I promise you, if you do not learn to make your strings sing with very sparse or no reverb you will never learn it. Never in your life. Putting reverb sauce over it is the last step to plane the last few wrinkles but it does not deliver the structure.

Come on hbuus, don't be so lazy, shape the volume already. Lux knows exactly what he is talking about and why don't you follow his advice. And BTW messing with the release will not help you either.

Example coming in a minute.


----------



## JonFairhurst (Feb 14, 2009)

Hannes is right. Add shaping and manage the volume of each note. Also, don't be afraid of some overlap between notes.

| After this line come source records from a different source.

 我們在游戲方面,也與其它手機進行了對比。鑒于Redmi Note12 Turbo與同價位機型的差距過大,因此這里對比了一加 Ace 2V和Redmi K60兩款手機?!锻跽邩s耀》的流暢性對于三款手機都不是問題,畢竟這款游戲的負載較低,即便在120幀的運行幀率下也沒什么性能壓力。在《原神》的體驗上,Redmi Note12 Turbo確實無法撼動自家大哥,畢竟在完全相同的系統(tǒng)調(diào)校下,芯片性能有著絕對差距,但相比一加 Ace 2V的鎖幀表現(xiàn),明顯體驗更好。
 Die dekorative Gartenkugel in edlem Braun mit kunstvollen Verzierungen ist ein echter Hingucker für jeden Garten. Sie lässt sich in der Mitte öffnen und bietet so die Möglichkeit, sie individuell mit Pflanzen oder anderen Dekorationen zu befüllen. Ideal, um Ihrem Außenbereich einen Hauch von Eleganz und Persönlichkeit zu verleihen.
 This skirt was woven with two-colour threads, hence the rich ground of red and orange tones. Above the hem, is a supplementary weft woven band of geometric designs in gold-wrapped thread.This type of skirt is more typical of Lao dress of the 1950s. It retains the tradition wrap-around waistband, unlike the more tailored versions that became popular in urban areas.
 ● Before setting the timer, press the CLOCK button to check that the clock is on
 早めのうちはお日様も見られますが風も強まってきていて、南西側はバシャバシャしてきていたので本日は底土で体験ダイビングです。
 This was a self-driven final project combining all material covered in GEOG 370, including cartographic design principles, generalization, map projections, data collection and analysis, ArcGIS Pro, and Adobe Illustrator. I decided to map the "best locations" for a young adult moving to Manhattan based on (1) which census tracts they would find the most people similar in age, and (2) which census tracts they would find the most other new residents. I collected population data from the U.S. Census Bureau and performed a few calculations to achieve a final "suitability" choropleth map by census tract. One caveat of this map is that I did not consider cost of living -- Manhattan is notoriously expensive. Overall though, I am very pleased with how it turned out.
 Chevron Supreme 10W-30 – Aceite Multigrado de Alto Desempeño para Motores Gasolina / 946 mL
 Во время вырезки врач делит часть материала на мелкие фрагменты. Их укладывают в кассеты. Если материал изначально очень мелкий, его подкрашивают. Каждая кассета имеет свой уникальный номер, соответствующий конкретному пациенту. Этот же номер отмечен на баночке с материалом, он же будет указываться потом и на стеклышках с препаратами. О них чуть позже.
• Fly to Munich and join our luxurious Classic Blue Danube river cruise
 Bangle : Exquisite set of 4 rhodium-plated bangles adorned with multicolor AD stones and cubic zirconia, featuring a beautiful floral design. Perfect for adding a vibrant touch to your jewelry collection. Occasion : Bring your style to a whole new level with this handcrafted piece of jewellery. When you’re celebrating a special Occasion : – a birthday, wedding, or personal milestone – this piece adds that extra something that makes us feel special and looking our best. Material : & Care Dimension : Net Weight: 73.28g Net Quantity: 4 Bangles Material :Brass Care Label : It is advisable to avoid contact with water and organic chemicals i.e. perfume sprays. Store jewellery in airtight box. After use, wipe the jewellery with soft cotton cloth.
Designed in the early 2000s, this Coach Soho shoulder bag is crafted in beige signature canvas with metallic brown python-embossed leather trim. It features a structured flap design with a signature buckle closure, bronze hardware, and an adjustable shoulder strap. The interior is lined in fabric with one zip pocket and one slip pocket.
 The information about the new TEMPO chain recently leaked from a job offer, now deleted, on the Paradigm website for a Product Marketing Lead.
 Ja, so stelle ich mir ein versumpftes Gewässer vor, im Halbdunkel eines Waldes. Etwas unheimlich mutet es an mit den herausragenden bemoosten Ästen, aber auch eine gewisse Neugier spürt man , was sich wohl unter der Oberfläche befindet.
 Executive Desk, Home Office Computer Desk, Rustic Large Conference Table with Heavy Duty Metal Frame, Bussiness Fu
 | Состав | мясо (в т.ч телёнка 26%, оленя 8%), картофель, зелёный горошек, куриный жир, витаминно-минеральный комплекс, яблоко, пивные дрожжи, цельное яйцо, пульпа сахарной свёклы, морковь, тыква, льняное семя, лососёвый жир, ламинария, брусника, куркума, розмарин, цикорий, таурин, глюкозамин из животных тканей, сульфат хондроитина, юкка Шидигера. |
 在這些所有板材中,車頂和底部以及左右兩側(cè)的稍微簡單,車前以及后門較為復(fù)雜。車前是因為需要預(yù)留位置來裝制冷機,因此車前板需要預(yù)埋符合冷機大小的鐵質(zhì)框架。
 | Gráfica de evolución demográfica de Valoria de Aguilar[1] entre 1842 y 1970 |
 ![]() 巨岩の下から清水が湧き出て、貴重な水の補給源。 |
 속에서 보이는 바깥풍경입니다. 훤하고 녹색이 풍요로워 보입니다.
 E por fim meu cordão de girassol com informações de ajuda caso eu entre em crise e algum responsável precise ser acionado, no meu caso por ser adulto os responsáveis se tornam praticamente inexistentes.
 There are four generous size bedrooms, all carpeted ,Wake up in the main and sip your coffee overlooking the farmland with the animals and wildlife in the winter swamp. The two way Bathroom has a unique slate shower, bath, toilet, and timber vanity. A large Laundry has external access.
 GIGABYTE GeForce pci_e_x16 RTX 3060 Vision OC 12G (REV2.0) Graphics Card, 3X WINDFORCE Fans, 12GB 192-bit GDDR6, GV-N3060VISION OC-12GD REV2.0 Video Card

Right now, they sound separate, which makes them synthy. A bit of overlap makes the transition a bit messier, which is a cheap solution if the lib doesn't support legato.

One reason the reverb helps the sound, is that it's giving some artificial overlap between notes.

Don't add enough overlap to sound like reverb. Add just enough to make the playing more fluid. And only add it where legato is intended. Where there's no legato, you can add more separation between notes, or use a staccato patch.

The best solution is to get your controller set up so you can play the line live, and control CC11 for expression. (Some libs use CC1, the mod-wheel. Use whatever works.) If you get good at playing these things live and expressively, you will get a very good result quite quickly. But it takes practice. In general, you swell each note and quickly reduce the control during the transitions. The overlap (or non-overlap) between notes will eventually come naturally.

You can even do this in two passes. Record the playing on the first pass. Record CC11 on the second.

And don't be afraid to add a bit of reverb with this approach. If it's totally dry, you might get discouraged with the sterile sound. If it's a bit wet, you might feel more inspired and play more beautifully. But still check it out (at least somewhat) dry to see if there are any ugly moments that need fine tuning.

Best of luck.


----------



## hbuus (Feb 14, 2009)

Hannes & Jon, thanks for the advice, Jon, yours is very specific, I appreciate that a lot.

I did not fiddle with volume swells because doing so will take some experimenting on my part, and I'm too tired to do that tonight.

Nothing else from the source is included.